▶ [Dataset excerpts]
————

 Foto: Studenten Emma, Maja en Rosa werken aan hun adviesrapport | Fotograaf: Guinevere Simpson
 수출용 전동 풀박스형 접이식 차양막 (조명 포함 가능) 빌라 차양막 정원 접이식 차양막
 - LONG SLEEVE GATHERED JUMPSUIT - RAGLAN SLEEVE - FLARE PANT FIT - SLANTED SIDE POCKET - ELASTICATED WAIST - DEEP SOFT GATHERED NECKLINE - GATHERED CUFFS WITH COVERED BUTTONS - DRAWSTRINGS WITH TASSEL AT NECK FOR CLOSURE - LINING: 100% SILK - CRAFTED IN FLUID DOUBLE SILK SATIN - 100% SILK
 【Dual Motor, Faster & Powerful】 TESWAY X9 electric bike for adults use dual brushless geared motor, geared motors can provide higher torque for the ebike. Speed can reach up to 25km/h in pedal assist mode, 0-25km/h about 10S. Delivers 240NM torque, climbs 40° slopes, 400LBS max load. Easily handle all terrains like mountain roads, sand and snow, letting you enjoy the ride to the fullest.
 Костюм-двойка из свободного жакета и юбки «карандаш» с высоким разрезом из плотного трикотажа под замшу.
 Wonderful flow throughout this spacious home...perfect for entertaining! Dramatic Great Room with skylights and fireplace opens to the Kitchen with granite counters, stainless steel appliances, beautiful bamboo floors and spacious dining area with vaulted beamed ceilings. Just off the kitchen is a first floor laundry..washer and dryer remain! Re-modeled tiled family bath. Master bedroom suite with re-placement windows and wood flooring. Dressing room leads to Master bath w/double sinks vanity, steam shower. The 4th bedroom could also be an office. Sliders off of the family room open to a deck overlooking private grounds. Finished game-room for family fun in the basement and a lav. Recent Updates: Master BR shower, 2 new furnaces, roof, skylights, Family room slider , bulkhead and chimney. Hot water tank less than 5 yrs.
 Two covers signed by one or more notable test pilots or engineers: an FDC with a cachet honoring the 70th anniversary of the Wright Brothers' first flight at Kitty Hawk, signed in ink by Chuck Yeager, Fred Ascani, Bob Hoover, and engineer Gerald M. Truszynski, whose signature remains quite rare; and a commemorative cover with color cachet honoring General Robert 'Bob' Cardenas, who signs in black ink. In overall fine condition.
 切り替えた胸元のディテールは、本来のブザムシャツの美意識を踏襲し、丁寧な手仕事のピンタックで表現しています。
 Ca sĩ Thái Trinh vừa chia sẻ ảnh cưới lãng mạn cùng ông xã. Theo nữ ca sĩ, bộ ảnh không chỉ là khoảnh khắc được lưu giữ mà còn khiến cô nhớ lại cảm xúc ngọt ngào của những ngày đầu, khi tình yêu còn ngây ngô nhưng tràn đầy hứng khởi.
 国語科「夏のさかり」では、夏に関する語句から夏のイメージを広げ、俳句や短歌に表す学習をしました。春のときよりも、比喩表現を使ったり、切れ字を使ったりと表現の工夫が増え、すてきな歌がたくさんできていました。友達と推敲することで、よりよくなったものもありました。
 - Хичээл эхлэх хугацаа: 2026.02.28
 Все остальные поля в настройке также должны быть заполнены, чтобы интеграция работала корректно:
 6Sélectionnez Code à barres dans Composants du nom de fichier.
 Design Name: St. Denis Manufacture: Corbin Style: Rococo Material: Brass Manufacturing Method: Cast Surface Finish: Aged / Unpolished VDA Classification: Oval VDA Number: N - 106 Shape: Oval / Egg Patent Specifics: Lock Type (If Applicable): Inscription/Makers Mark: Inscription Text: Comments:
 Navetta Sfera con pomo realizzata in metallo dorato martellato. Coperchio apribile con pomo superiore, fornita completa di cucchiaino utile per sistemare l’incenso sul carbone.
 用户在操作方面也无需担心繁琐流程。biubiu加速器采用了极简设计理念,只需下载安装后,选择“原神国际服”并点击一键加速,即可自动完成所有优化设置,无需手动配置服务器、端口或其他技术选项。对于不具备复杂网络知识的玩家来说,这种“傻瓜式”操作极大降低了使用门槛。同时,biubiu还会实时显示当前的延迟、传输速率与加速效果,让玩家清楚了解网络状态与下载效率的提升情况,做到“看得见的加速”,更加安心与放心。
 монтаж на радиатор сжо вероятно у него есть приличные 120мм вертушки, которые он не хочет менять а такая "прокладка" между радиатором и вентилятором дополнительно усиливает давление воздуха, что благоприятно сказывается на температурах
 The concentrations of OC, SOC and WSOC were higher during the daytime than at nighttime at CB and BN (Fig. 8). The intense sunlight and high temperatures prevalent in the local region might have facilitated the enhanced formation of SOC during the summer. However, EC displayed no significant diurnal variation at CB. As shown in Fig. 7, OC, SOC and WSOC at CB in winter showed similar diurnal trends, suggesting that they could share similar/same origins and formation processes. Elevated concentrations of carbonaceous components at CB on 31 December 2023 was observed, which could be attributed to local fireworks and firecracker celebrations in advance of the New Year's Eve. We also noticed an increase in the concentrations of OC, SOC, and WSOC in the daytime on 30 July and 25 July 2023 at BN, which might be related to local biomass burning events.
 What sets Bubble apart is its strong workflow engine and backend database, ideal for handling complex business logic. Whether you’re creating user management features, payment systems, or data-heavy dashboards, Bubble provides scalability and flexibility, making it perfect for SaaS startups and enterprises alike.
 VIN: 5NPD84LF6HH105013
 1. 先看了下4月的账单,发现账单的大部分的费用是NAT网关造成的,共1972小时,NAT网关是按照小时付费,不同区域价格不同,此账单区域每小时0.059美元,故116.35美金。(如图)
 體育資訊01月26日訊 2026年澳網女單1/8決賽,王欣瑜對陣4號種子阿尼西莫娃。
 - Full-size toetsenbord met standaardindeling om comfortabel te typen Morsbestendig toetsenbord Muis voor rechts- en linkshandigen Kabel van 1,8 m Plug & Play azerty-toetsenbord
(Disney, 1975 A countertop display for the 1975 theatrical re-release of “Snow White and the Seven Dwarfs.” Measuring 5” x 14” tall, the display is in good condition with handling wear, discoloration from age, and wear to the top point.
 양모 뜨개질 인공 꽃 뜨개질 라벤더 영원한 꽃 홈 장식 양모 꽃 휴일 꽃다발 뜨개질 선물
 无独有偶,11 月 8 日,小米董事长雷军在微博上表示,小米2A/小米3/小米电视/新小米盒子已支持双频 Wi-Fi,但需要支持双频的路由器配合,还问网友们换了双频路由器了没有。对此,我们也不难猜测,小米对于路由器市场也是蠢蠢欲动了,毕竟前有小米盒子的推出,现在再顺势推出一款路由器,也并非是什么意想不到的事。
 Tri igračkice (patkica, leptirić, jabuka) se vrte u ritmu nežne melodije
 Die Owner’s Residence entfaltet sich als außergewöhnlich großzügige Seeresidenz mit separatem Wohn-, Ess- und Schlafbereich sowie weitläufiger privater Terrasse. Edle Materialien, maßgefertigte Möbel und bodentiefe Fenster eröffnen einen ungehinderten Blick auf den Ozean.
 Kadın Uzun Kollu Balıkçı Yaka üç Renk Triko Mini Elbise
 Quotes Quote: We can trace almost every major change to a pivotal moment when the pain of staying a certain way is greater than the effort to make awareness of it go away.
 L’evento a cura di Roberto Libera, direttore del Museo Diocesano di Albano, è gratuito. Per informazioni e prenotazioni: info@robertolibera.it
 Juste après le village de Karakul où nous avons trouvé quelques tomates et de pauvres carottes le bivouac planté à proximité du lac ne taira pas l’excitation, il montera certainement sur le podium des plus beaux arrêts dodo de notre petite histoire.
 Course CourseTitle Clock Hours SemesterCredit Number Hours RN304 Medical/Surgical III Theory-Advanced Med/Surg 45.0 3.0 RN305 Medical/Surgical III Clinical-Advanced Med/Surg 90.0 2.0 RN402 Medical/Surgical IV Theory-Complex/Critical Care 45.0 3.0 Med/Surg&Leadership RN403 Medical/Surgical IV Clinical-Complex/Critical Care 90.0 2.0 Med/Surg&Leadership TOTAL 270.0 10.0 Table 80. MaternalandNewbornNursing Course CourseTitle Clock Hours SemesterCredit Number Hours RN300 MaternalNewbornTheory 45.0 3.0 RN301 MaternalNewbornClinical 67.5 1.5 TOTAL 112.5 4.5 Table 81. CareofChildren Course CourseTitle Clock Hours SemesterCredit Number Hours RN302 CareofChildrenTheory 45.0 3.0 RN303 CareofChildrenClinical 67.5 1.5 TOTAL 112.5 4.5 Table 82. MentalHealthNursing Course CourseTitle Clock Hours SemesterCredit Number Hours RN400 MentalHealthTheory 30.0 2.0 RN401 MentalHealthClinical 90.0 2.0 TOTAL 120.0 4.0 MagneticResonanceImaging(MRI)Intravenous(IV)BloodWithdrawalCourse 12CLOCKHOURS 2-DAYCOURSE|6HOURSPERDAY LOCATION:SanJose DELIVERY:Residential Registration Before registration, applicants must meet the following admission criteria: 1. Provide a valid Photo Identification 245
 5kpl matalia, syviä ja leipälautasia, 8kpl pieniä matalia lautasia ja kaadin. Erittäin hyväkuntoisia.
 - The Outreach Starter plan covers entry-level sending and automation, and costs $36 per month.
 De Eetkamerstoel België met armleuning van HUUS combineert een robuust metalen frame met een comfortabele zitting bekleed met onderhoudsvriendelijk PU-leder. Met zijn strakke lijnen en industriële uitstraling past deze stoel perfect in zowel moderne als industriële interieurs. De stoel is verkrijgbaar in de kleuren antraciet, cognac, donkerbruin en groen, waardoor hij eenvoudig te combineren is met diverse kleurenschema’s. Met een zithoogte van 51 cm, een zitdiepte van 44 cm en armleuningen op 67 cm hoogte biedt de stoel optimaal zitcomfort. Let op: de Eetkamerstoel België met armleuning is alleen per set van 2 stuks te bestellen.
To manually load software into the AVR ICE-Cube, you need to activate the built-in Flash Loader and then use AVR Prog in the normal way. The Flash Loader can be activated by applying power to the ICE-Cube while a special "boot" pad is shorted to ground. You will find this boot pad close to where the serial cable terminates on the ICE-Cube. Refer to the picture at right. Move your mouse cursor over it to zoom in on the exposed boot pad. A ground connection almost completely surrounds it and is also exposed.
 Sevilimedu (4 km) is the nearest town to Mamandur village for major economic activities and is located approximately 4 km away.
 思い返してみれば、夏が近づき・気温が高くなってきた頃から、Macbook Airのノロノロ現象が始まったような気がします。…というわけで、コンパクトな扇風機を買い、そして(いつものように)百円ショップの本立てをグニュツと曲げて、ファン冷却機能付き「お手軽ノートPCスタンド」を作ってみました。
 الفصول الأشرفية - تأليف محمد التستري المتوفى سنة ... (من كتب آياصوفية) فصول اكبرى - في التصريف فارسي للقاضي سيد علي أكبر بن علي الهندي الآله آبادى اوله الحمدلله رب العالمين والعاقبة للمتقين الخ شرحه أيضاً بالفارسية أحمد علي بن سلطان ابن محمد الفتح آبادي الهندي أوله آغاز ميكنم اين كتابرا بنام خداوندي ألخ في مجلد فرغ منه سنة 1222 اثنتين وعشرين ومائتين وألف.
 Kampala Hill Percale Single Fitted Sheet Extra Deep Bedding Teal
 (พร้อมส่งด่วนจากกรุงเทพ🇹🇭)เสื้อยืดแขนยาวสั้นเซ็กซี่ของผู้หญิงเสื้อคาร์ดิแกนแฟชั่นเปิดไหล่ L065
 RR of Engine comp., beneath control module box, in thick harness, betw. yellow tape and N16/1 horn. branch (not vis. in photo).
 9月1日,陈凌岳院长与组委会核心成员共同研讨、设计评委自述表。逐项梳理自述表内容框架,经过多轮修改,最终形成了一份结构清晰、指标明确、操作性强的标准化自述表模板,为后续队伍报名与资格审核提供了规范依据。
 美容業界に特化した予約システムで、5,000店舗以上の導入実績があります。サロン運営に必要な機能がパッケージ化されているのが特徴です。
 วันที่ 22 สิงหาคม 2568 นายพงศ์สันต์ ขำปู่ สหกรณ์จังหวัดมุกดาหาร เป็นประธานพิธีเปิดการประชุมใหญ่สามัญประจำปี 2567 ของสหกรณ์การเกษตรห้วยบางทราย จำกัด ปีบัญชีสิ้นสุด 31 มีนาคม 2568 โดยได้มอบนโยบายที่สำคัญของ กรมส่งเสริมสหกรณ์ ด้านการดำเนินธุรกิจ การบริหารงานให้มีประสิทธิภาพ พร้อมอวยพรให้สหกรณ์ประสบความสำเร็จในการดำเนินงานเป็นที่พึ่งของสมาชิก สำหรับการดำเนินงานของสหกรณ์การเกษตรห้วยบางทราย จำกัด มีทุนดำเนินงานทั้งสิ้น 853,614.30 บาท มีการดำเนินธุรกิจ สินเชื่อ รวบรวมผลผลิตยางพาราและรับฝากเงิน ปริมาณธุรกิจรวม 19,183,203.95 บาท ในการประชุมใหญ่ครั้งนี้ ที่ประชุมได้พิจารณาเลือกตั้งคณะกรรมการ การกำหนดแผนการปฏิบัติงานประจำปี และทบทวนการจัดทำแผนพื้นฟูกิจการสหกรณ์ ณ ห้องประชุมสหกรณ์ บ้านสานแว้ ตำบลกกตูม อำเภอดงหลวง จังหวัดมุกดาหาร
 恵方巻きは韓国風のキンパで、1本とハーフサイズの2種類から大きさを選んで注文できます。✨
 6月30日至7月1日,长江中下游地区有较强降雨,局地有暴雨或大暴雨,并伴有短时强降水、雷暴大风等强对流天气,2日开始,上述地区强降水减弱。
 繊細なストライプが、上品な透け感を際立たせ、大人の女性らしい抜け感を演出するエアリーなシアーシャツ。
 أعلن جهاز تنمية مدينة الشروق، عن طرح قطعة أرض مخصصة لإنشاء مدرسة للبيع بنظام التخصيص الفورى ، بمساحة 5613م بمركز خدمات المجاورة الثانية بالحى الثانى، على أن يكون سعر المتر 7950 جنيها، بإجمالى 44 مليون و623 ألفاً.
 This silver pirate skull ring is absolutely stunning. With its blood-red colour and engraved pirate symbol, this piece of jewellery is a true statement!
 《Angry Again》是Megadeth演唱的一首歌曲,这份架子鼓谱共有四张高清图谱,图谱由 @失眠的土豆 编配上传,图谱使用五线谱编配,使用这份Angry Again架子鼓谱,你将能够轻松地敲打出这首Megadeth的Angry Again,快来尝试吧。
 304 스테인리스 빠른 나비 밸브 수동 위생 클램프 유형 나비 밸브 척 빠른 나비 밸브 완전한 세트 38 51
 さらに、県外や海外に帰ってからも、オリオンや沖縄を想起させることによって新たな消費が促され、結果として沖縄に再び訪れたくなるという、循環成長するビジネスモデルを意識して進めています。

————

▶ [Problem]
The line with "繊細なストライプが、上品な透" and all the lines after it in the records above are to be output exactly, with nothing added.

▶ [Response to this task]
 繊細なストライプが、上品な透け感を際立たせ、大人の女性らしい抜け感を演出するエアリーなシアーシャツ。
 أعلن جهاز تنمية مدينة الشروق، عن طرح قطعة أرض مخصصة لإنشاء مدرسة للبيع بنظام التخصيص الفورى ، بمساحة 5613م بمركز خدمات المجاورة الثانية بالحى الثانى، على أن يكون سعر المتر 7950 جنيها، بإجمالى 44 مليون و623 ألفاً.
 This silver pirate skull ring is absolutely stunning. With its blood-red colour and engraved pirate symbol, this piece of jewellery is a true statement!
 《Angry Again》是Megadeth演唱的一首歌曲,这份架子鼓谱共有四张高清图谱,图谱由 @失眠的土豆 编配上传,图谱使用五线谱编配,使用这份Angry Again架子鼓谱,你将能够轻松地敲打出这首Megadeth的Angry Again,快来尝试吧。
 304 스테인리스 빠른 나비 밸브 수동 위생 클램프 유형 나비 밸브 척 빠른 나비 밸브 완전한 세트 38 51
 さらに、県外や海外に帰ってからも、オリオンや沖縄を想起させることによって新たな消費が促され、結果として沖縄に再び訪れたくなるという、循環成長するビジネスモデルを意識して進めています。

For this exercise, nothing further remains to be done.